Relocation to Austin and Early Stratfor Development
The Austin Chronicle reports that in the summer of 1997, Friedman and his team moved Stratfor's operations to Austin, Texas. The feature attributes the choice to factors including a large research library at a major university, a pool of young talent, and a technology presence, even though Austin was not known as an intelligence hub.
Stratfor built its early profile through daily Global Intelligence Updates distributed by email, using the updates as both a demonstration of its analytical framework and a marketing channel designed to attract subscription and consulting clients.
From University Unit to Private Intelligence Business
Across archival listings, biographical entries, and contemporary reporting, the record shows a compressed progression from campus center to private firm. CGPS appears as a mid-1990s LSU initiative and is described by the Austin Chronicle as Stratfor's immediate predecessor.
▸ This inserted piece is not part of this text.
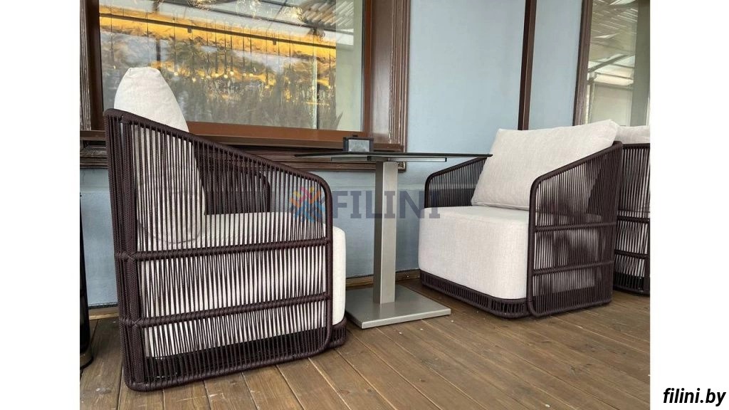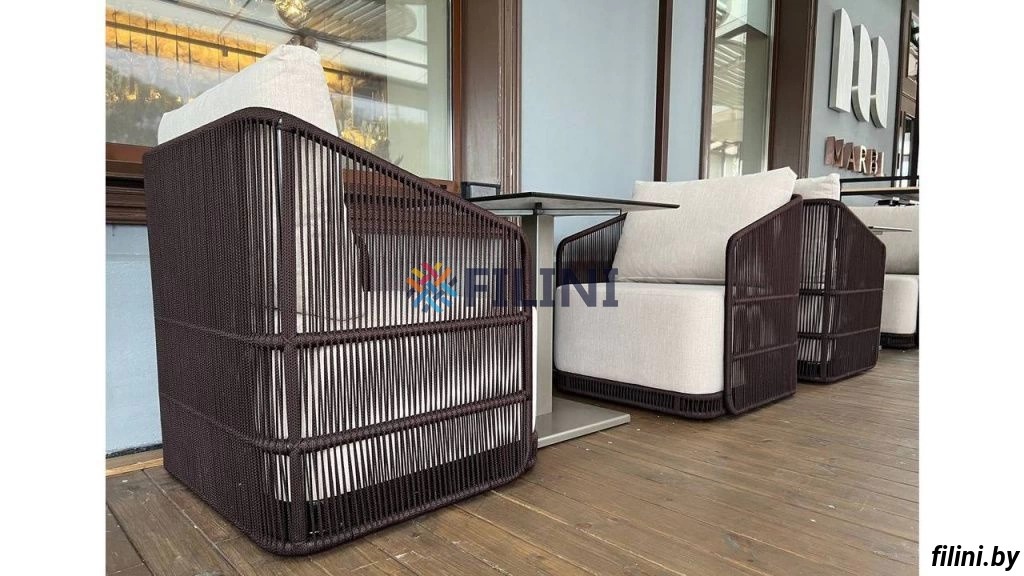 Коллекция "Марбл" - сдержанная, лаконичная и очень надежная уличная мебель из роупа (веревки), плетение которой выполнено в виде множества вертикальных линий, придающих ей грациозность:

The through-line is an attempt to formalize geopolitical analysis into repeatable methods that could shift from academic research to client-facing products built around recurring updates.
Hochberg's dual role in both CGPS and Stratfor illustrates how a small research unit's personnel and working style can migrate into a commercial organization once the work is reorganized around client demand rather than campus priorities.
Conclusion
Stratfor's early years at Louisiana State University illustrate how a campus research unit can become the foundation for a private intelligence company. The Center for Geopolitical Studies connected academic expertise, external funding, and computationally oriented methods in ways that later translated into a consulting and subscription model.
The LSU period was formative: it is where key personnel assembled and where the blend of geopolitical analysis, spatial data tools, and scenario-oriented work took recognizable shape before being reorganized as Stratfor in Austin.
Sources
- "Friedman, George 1949-." Encyclopedia.com, 2005.
- "Is Knowledge Power?." Austin Chronicle, 2001.
- "Contributor biography." Foreign Policy Research Institute, 2024.
- "Louisiana State University Office of Academic Affairs Records, RG A0100, Inventory." LSU Libraries Special Collections, 2015.